╭─ PROVIDED MATERIAL

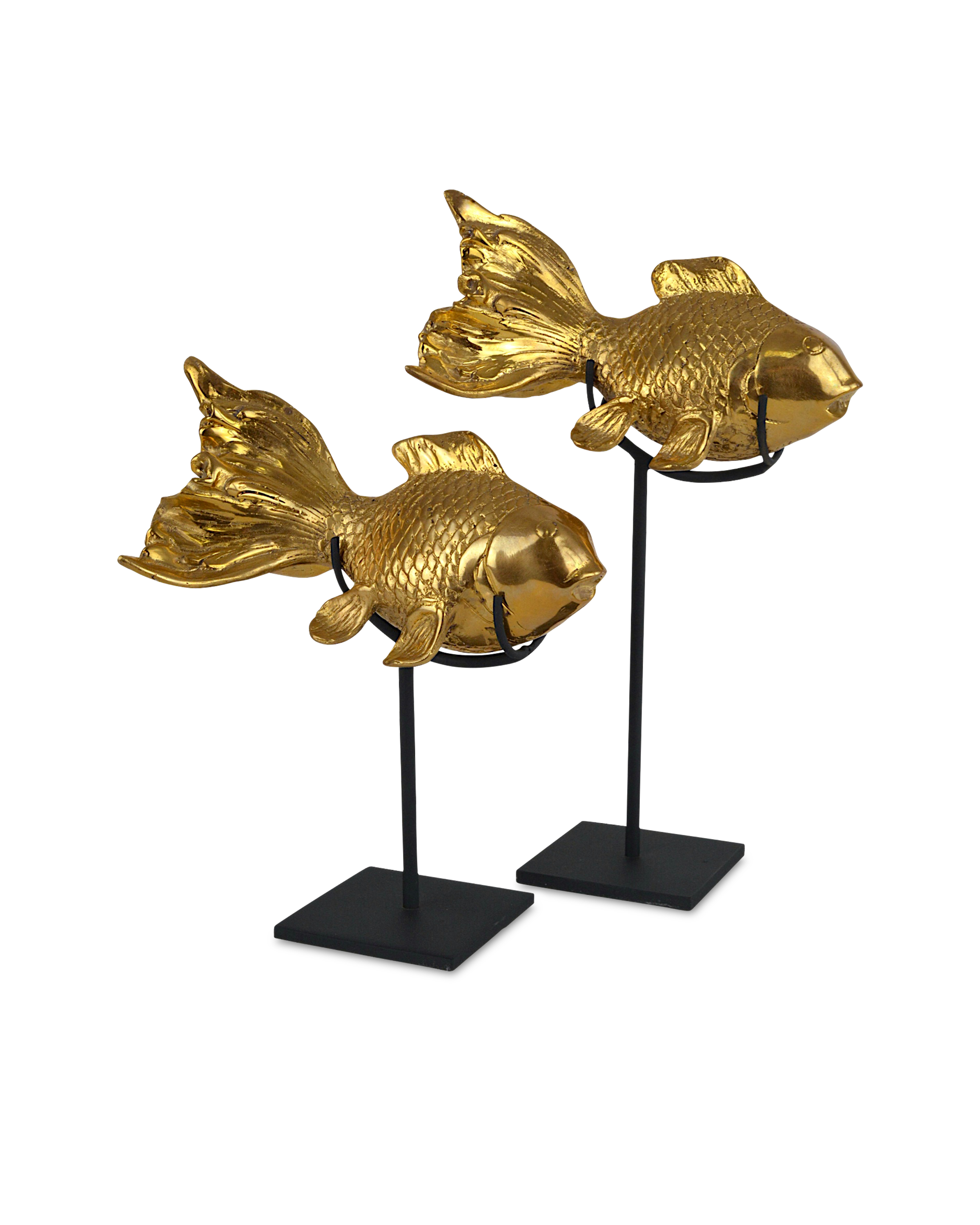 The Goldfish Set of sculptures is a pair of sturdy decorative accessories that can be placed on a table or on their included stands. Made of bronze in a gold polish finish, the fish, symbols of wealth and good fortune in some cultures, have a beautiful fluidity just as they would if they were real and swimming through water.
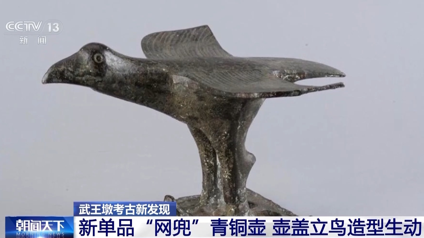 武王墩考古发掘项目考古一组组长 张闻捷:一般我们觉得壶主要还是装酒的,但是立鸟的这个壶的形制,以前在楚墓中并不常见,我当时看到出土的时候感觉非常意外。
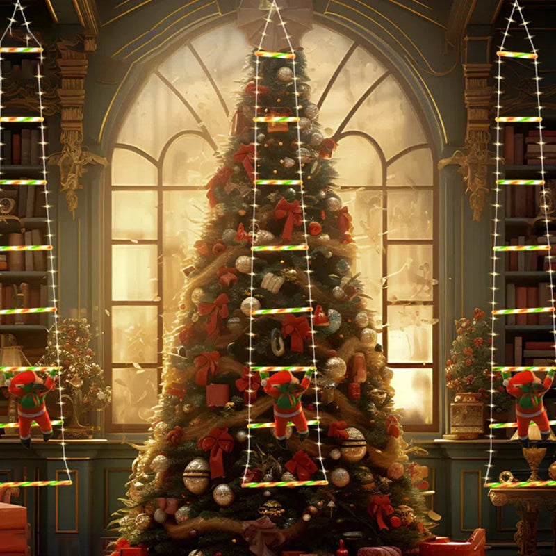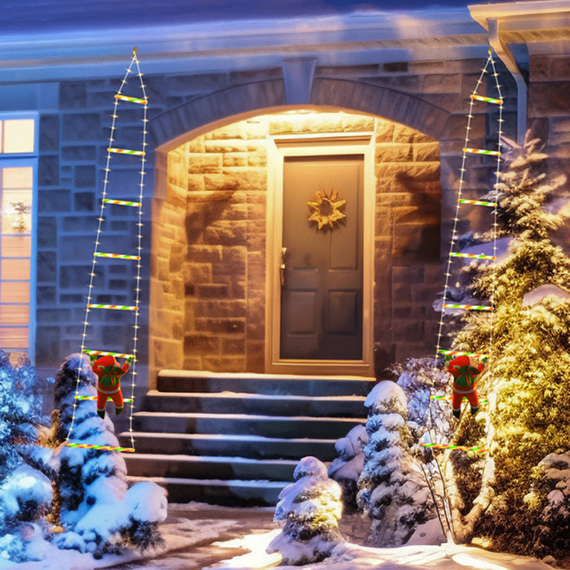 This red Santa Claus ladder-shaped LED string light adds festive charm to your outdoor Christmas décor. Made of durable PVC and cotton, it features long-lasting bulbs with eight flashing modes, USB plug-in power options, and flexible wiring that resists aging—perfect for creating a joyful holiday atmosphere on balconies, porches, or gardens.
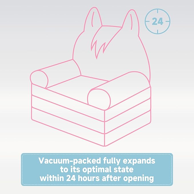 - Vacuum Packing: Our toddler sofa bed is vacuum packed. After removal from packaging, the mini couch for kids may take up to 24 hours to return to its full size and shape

╰─

**PROBLEM DETAILS:** The expected output is the exact run of lines from the one containing "武王墩考古发掘项目考古一组组" through the final line of the data above, both ends included, with no pictures.

**ANSWER FOR THE TASK:**
 武王墩考古发掘项目考古一组组长 张闻捷:一般我们觉得壶主要还是装酒的,但是立鸟的这个壶的形制,以前在楚墓中并不常见,我当时看到出土的时候感觉非常意外。
 This red Santa Claus ladder-shaped LED string light adds festive charm to your outdoor Christmas décor. Made of durable PVC and cotton, it features long-lasting bulbs with eight flashing modes, USB plug-in power options, and flexible wiring that resists aging—perfect for creating a joyful holiday atmosphere on balconies, porches, or gardens.
 - Vacuum Packing: Our toddler sofa bed is vacuum packed. After removal from packaging, the mini couch for kids may take up to 24 hours to return to its full size and shape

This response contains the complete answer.